From predictive policing to the social media tracking of potential terrorists, governments worldwide rely increasingly on data-driven risk assessments. On March 21-22, the Robert L. Bernstein Institute for Human Rights hosted its second annual conference to address the human rights implications of this trend. Tyranny of the Algorithm? Predictive Analytics & Human Rights, featured over 30 speakers, including Samuel Rascoff, NYU professor and former director of intelligence analysis at the NYPD, and Latanya Sweeney, Harvard professor and former Chief Technologist at the Federal Trade Commission. The conference was attended by over 200 academics and practitioners. Consistent with the inter-disciplinary mission of the Institute, speakers and attendees came from a range of backgrounds with participants including legal academics, computer scientists, business leaders, anthropologists and law enforcement officials.

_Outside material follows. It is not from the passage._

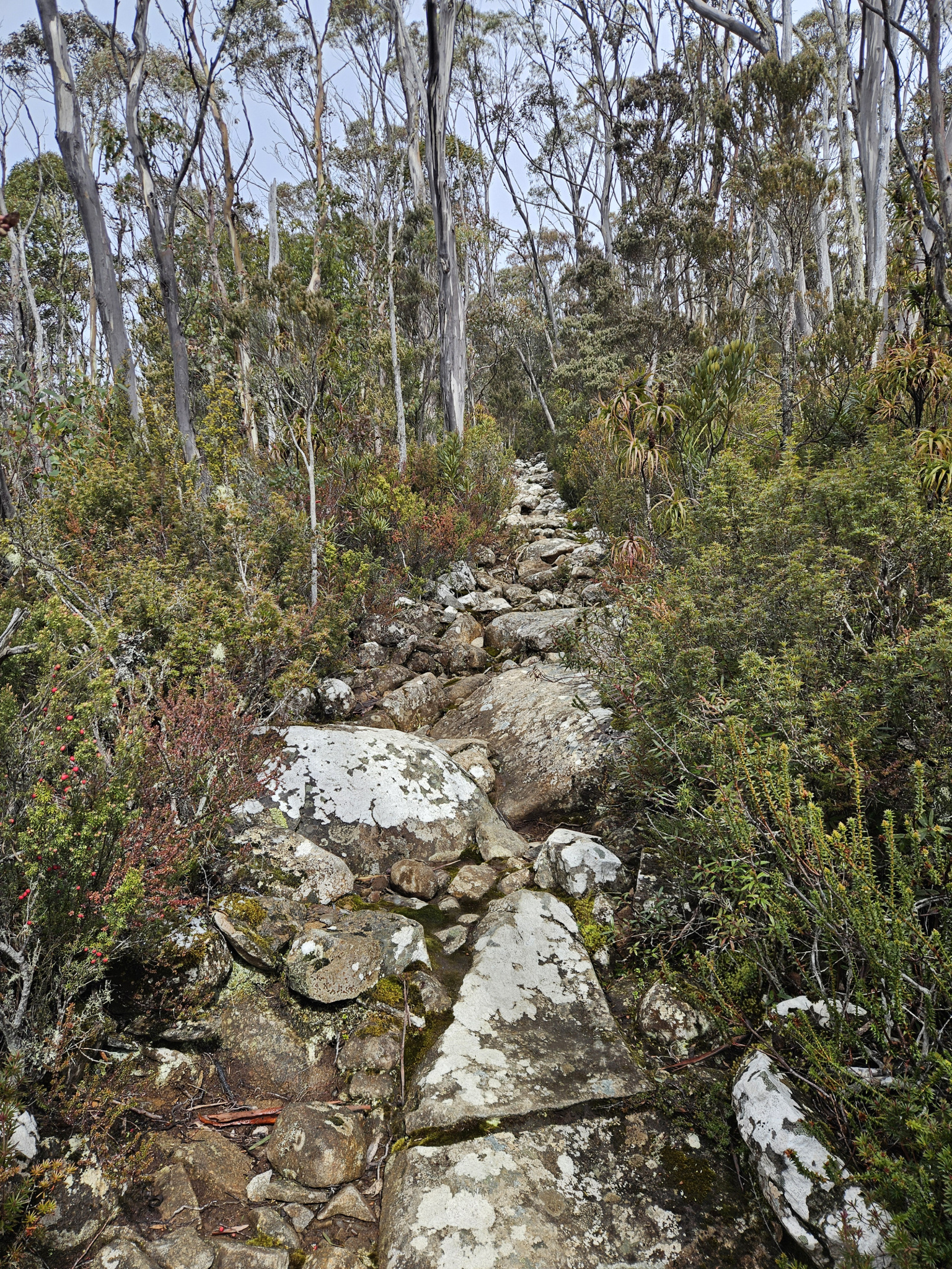 Gradually, the forest will begin to thin out as it becomes predominantly sub alpine eucalyptus species and small shrubs, which gradually giving way to Dolerite boulders fields.

Some speakers suggested that data-driven risk assessments may be a promising way to mitigate racial, gender, or religious bias in policing and counter-terrorism operations. Jeff Brantingham, UCLA professor of anthropology and co-founder of the predictive policing technology, PredPol, argued that algorithms can more accurately and objectively predict certain crime “hot spots” than human analysts. But the technology comes with risks. Patrick Ball, co-founder of Human Rights Data Analysis Group, explained how machine learning will get the wrong answers when unrepresentative data is fed into predictive algorithms. Jason Q. Ng, a research fellow at The Citizen Lab and data analyst at Tumblr raised the potential human rights concerns about the use of seemingly benign predictive technology by the Chinese government.
Speakers also addressed ways to improve human rights accountability in the field of predictive analytics. One approach, discussed by Frank Romo, an analyst with Million Hoodies for Justice, is for communities to use the tools of predictive analytics to monitor government activity. Just as predictive technology can help police anticipate sites of future crime, so too can the technology be used to predict sites of future police violence. And Sorelle Friedler, a computer science professor at Haverford College and fellow at Data & Society, spoke about her work on building fair algorithms.